21日の発表会で披露した1曲目の 「叱られて」 は大正9(1920)年に作られた古い童謡ですが、もの悲しくも大変美しいメロディーを持つ曲で、90年以上の長きにわたって歌い継がれています。声に出して歌ってみると、メロディーは割と単調でゆったりと流れてゆき、どこで盛り上げたら良いんだろうと思っているうちに終わってしまうような短い曲です。
メロディーラインがきれいな楽曲が好きな私はそっちから入り込むタイプなんですが、最近は曲の世界観を掴むために歌詞の裏に隠された真の意味や作られた経緯などを探るようにしています。早速、ネット検索してみると、「叱られて」 の歌詞にはいくつかの謎(疑問)があると言われていることが解りました。
叱られて 作詞:清水かつら 作曲:弘田龍太郎
(1) (2)
叱られて 叱られて叱られて 叱られて
あの子は町までお使いに 口には出さねど目に涙
この子は坊やをねんねしな二人のお里はあの山を
夕べさみしい村はずれ 越えてあなたの花の村
コンと狐が鳴きゃぁせぬかほんに花見はいつのこと
これが問題の歌詞ですが、(1)の歌詞には、叱られて使いに出された 「あの子」、子守をしている 「この子」、お守されている 「坊や」 と3人の子供達が登場しています。
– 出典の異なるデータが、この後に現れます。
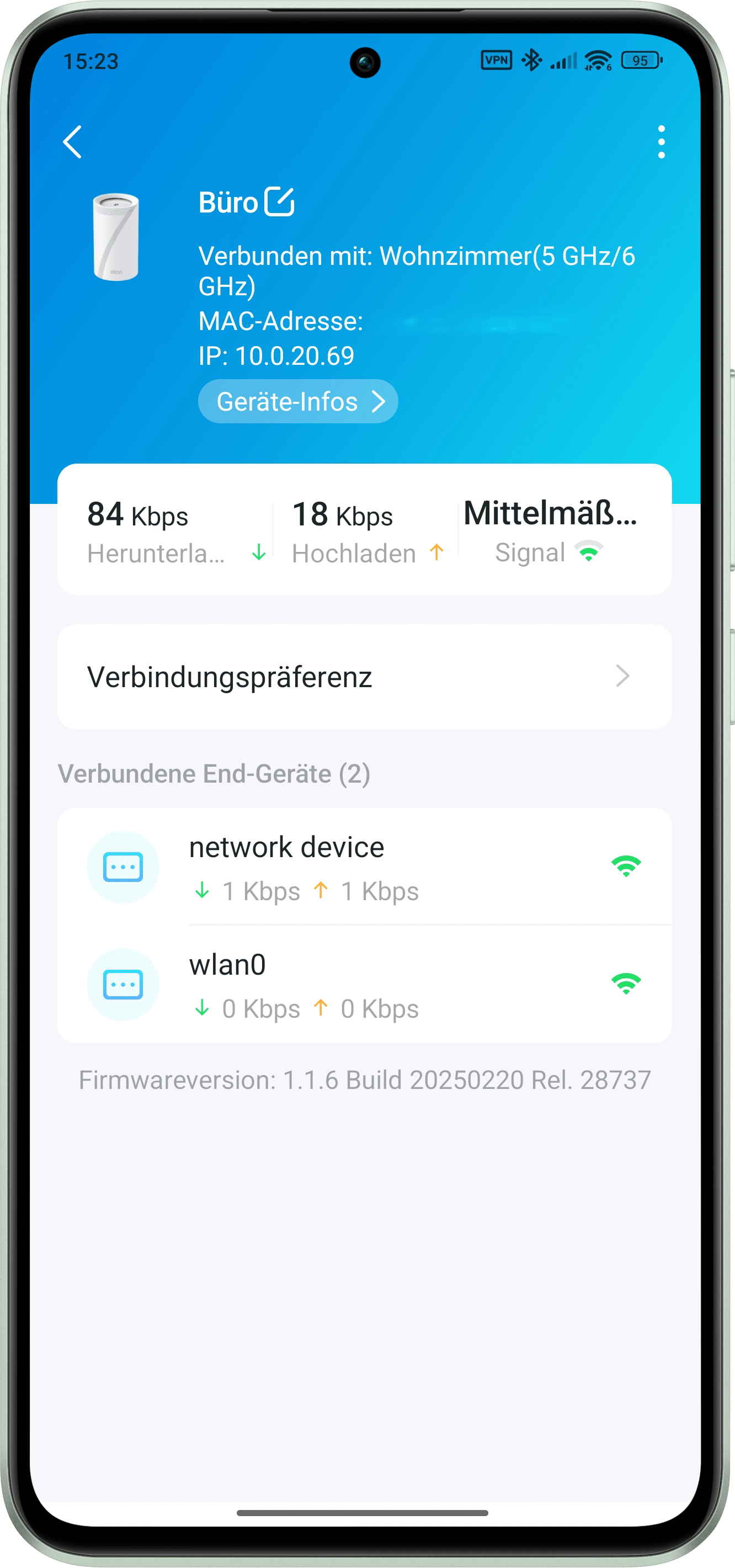 The smooth communication of the Deco units is also impressive here, providing solid speeds overall with good coverage. Incidentally, the additional 6 GHz band can also be configured as a dedicated mesh channel via the app if it is not required by end devices in everyday use. This means that the bandwidth is only available to the three nodes. With the WiFi 7 standard, you are also on the safe side in the long term.

ここで、① 子供を叱ったのは誰か?、② 3人の子供達の関係は?、③ 叱った者と子供達との関係は?、という疑問に突き当たります。
私は、(1)の歌詞とメロディーは子供のころから知っていましたが、悪戯でもして親に叱られた子供が罰としてお使いに出されたんだろうぐらいにしか考えが至りませんでした。
①の疑問については後述します。②では3人の子供達は兄弟という答えを出しそうでが、そうすると、
(1)の歌詞にある「坊や」 という言葉が不自然です。普通、自分の兄弟を 「坊や」 とは呼びません。だから、「坊や」 と残りの二人とは他人ということになります。
年配の方はもうお気付きと思いますが、使いに出された 「あの子」 と子守をしている 「この子」 は、裕福な家に奉公に出された貧しい家の子供達です。(2)の歌詞に 「二人のお里は・・・」 とあることから、この二人は兄弟又は同郷の者だということも解ります。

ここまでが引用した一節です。